Your objective — Starting at the top of the records below, write out each line exactly as it stands, stopping after the line with "But that's not"; exclude the pictures.

Dataset entries
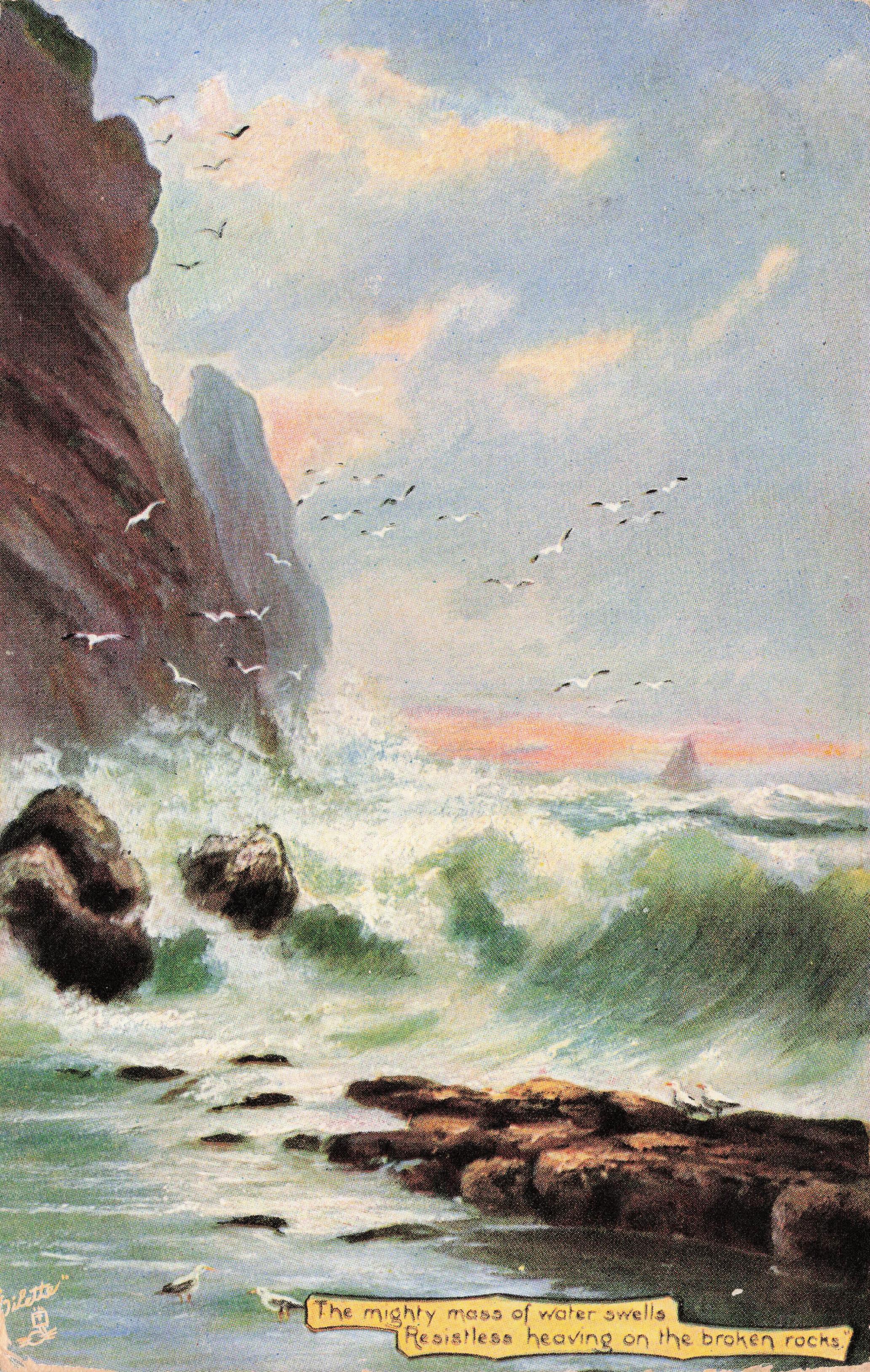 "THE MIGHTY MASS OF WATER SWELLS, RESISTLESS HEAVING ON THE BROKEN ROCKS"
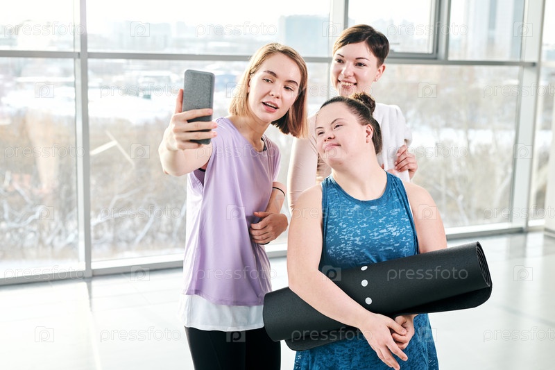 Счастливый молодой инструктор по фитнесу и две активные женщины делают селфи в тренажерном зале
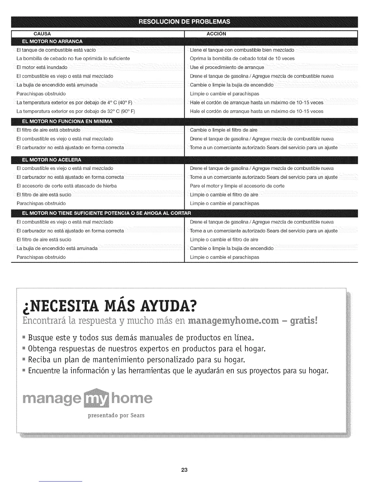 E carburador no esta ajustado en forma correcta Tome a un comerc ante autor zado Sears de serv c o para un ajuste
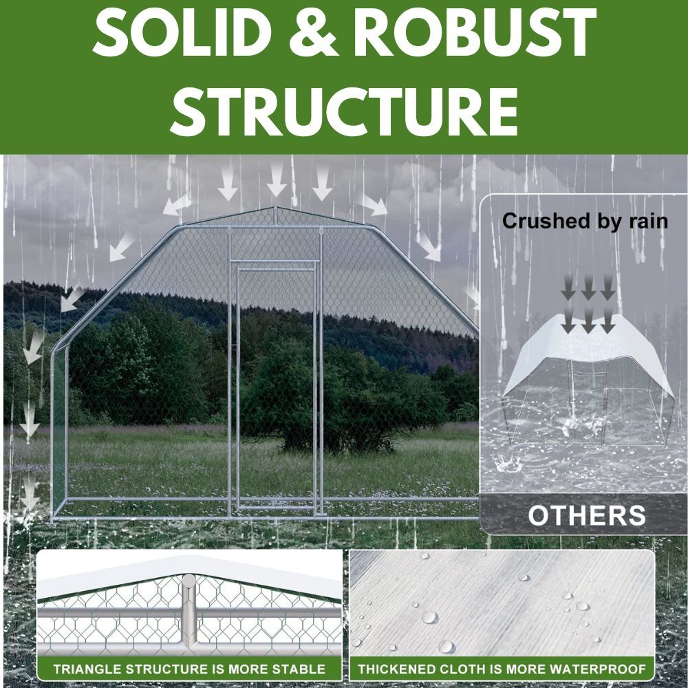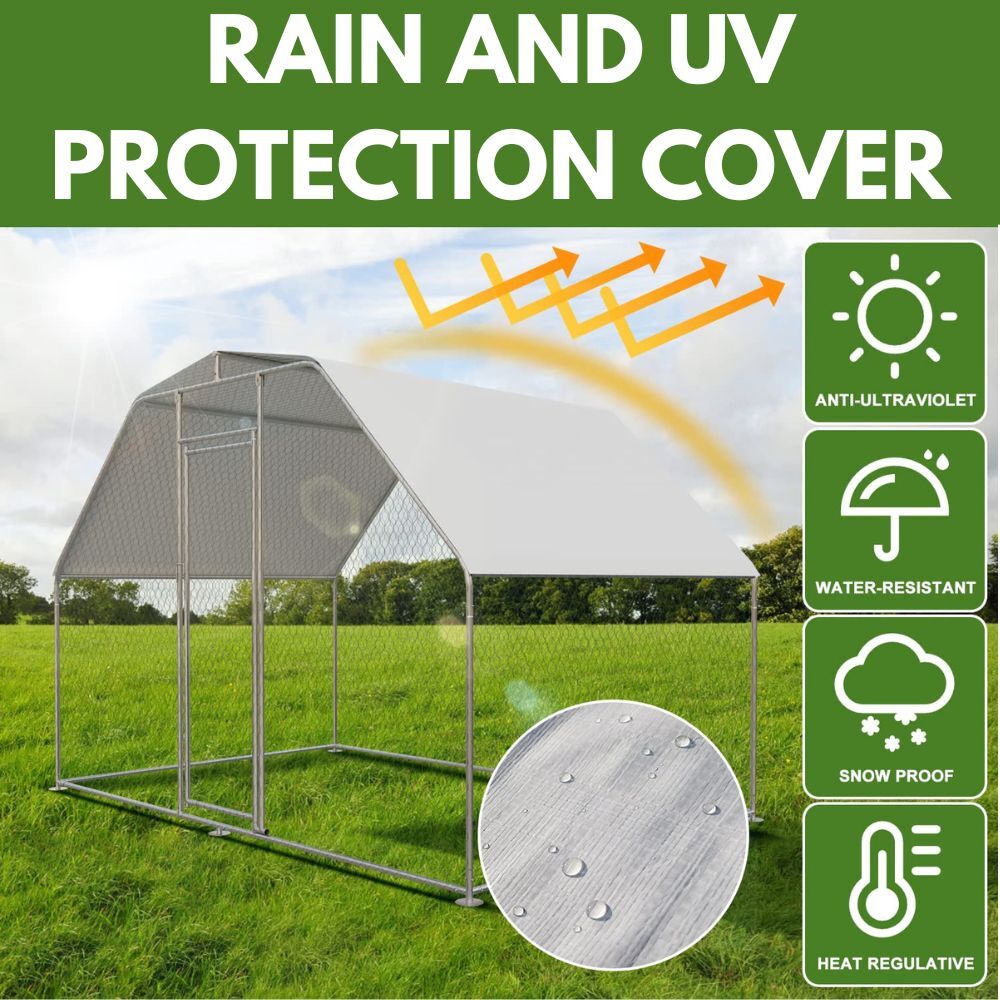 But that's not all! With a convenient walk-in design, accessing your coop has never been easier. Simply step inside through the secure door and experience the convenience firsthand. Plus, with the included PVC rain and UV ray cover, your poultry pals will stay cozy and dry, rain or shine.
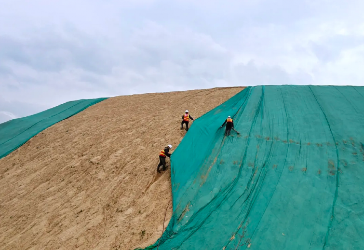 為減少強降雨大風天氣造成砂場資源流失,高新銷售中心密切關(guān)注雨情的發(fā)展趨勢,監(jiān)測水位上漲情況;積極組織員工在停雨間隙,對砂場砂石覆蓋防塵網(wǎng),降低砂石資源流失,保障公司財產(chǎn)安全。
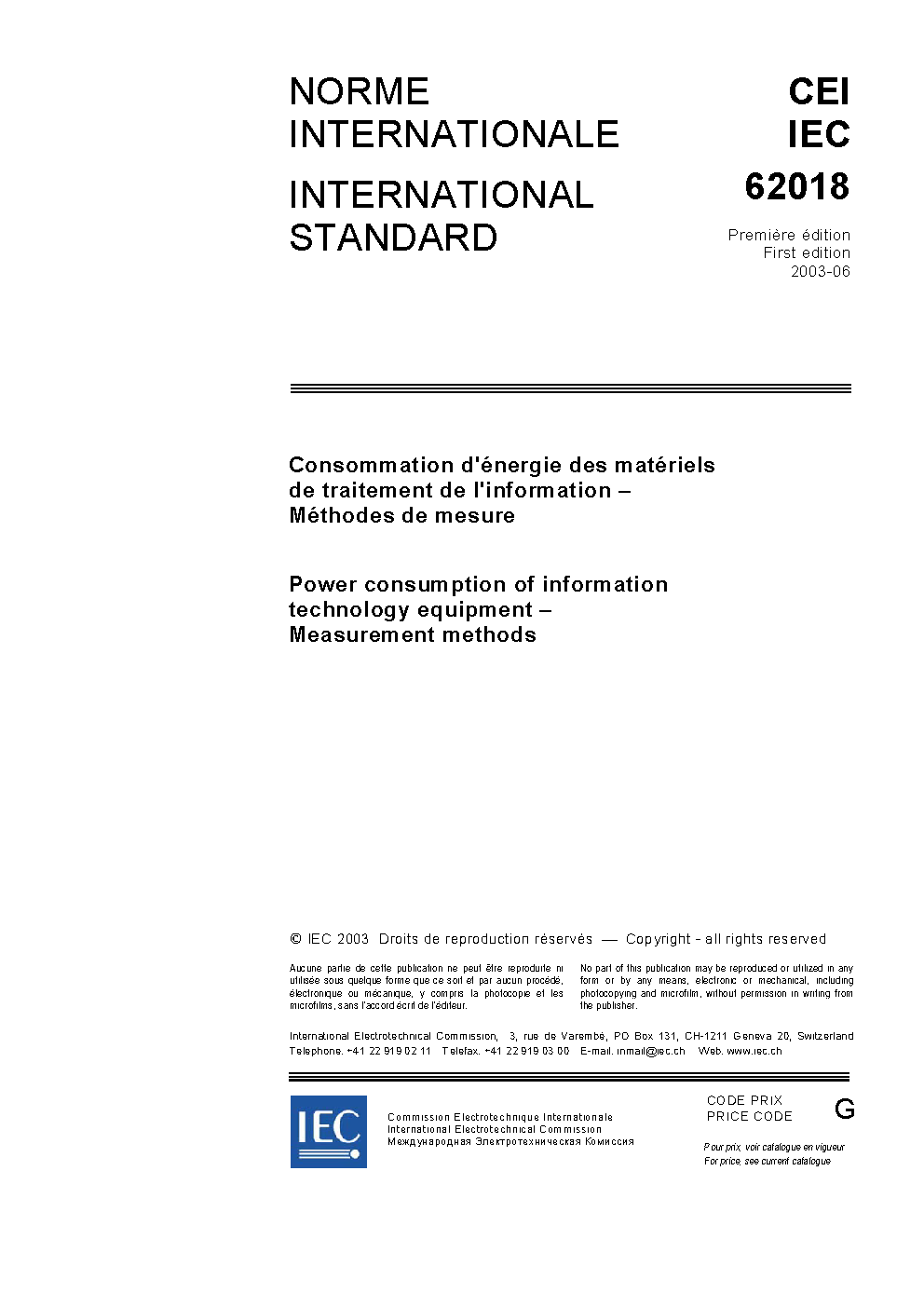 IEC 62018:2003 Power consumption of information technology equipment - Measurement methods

Final answer —
 "THE MIGHTY MASS OF WATER SWELLS, RESISTLESS HEAVING ON THE BROKEN ROCKS"
 Счастливый молодой инструктор по фитнесу и две активные женщины делают селфи в тренажерном зале
 E carburador no esta ajustado en forma correcta Tome a un comerc ante autor zado Sears de serv c o para un ajuste
 But that's not all! With a convenient walk-in design, accessing your coop has never been easier. Simply step inside through the secure door and experience the convenience firsthand. Plus, with the included PVC rain and UV ray cover, your poultry pals will stay cozy and dry, rain or shine.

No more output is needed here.